Rendez-vous conte !

« Donner à voir la féerie, le merveilleux, n’est pas tâche aisée. Certains illustrateurs ont préféré esquiver la difficulté. D’autres, au contraire, ont fait de cet espace de liberté leur terrain de prédilection. » À partir de ce constat, extrait de leur excellente préface, Carine Picaud et Olivier Piffault circonscrivent l’amplitude du projet auquel ils s’attaquent : brosser trois siècles de l’imagerie des contes de fées, en montrant la multiplicité des lectures proposées dans leurs traitements iconographiques successifs.


Les auteurs – dont il manque une notice de présentation, et c’est la seule lacune de l’ouvrage – ont œuvré en spécialistes polyvalents. En philologues d’abord, puisque les dix contes qu’ils ont sélectionnés sont proposés dans leur version de référence et assortis d’une notice explicative, les situant dans la production globale de leur signataire et dans leur temps, et proposant diverses interprétations symboliques. Ensuite, en connaisseurs du livre : chaque gravure ou peinture est appréhendée dans la matérialité de l’objet dont elle fait partie, qu’il s’agisse d’un leporello  ou d’un toy book (il faudra aller y voir vous-même si vous ignorez ces formats). Enfin, et c’est l’apport le plus impressionnant de cette somme, en historiens de l’art.
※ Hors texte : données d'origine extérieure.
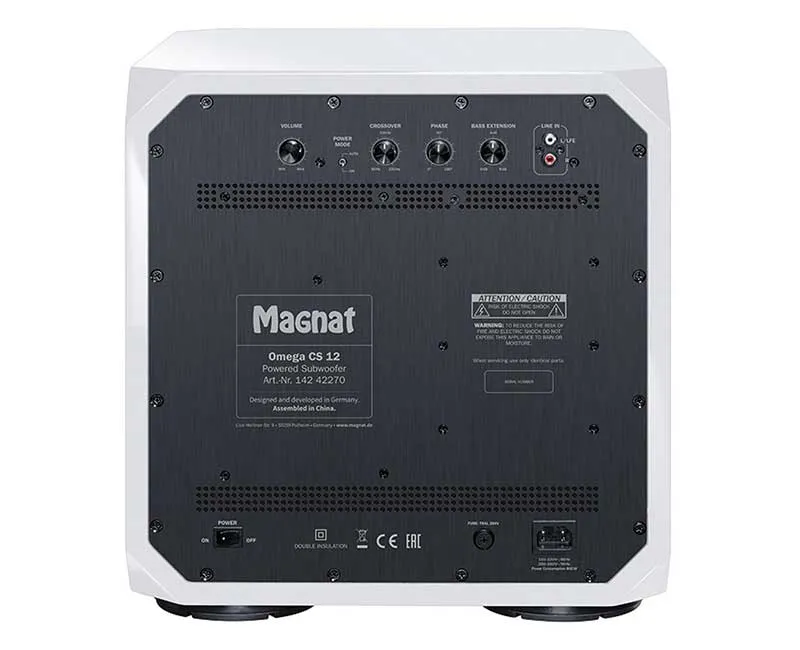 Сабвуфер Magnat Omega CS 12 выполнен в закрытом демпфированном корпусе и оснащен виброизолирующими опорами. В модели Magnat Omega CS 12 установлен усилитель класса D с выходной мощностью до 1100 Вт. Это гарантирует точную передачу самых динамичных басовых спецэффектов Активный сабвуфер Magnat Omega CS 12 выполнен в привлекательном дизайне с шикарной внешней отделкой. Несмотря на свои размеры, Magnat Omega CS 12 не выглядит громоздким. Корпус саба имеет срезанные углы, придающие ему сходство с большим игральным кубиком. Magnat Omega CS 12 вполне может стать стильным дополнением современного интерьера.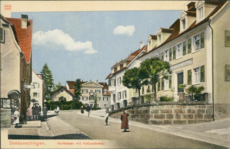 Alte Ansichtskarte aus Donaueschingen, ungebraucht, gedruckt um 1910.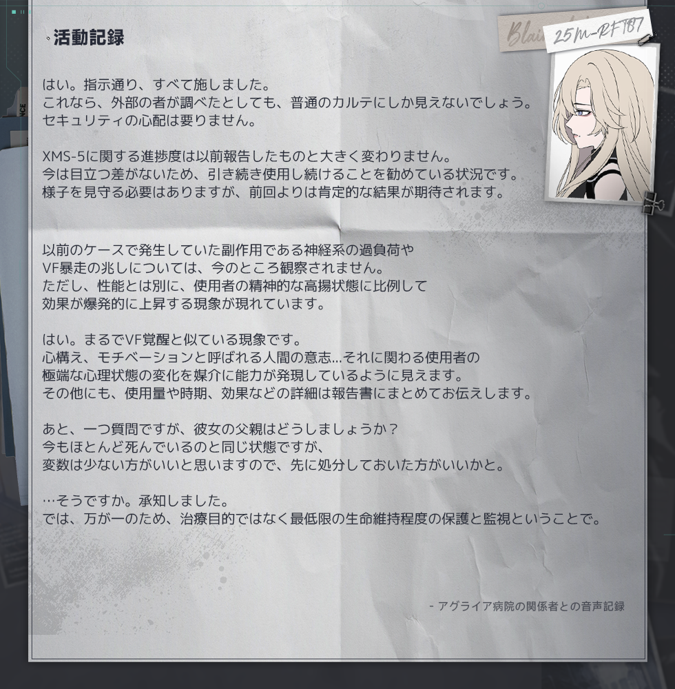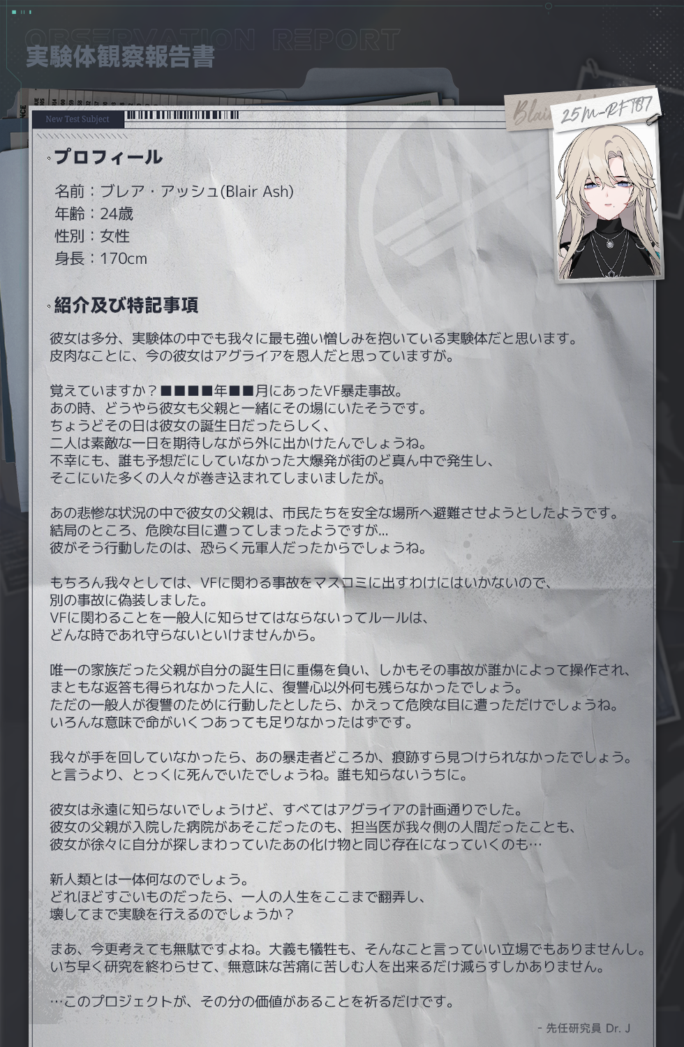 彼女は多分、実験体の中でも我々に最も強い憎しみを抱いている実験体だと思います。

Les notices explicitent, avec densité et clarté, la personnalité de l’artiste, le mouvement esthétique dans lequel il s’inscrit, les techniques exploitées, l’orientation de sa démarche créative.


Certes, la part belle revient aux grands noms, les Gustave Doré, Arthur Rackham et autre Walter Crane, omniprésents dans la mesure où ils se spécialisèrent dans ce domaine de l’illustration. Mais on sera heureux de tomber ici sur un cuivre de Marie Laurencin, là sur un bois gravé de Frans Masereel, ailleurs sur un tableau d’Edward Burne-Jones. On découvrira aussi toute une galerie de noms méconnus ou oubliés, comme celui de Lucien Laforge, caricaturiste anar de la Belle-Époque, qui donna une série de pochoirs aux contes de Perrault. Ou encore Violet Brunton dont certaine effrayante silhouette, pour La Belle et la bête, a dû influencer le réalisateur du film Donnie Darko… En tout, ces pages contiennent quelques deux cents illustrations, dues à une centaine de noms différents. Un brassage qui permet de relire l’histoire de l’art par la bande, puisque l’on croisera des tenants du classicisme, du romantisme, de la « fin-de-siècle » jusqu’au constructivisme et à l’abstraction.


Le déroulement adopté est quant à lui d’une cohérence exemplaire, qui permet de saisir les innombrables déclinaisons suscitées par un même thème. En effet, chaque série d’images est organisée selon la diachronie de la narration, et l’on déambule donc au fil des variations de regards propres aux artistes. On passe ainsi d’un motif art nouveau à une scène typiquement romantique, puis à une évocation naïve ou à une lecture hyper-contemporaine des différents temps fort de l’histoire.


L’ensemble est si beau qu’en s’en délectant on oublierait de cligner des yeux, si cela ne nous était un réflexe. Il compose en outre un panorama de référence, servi par une érudition sans faille, et qui donc nourrit doublement l’esprit, par la richesse du savoir et la magie du rêve. Une réussite.

 

Samia Hammami

 

Carine Picaud et Olivier Piffault, Contes de fées en images. Entre peur et enchantement, Éditions La Martinière, novembre 2012, 225 pages + dix planches inédites de Joëlle Jolivet, 45 €.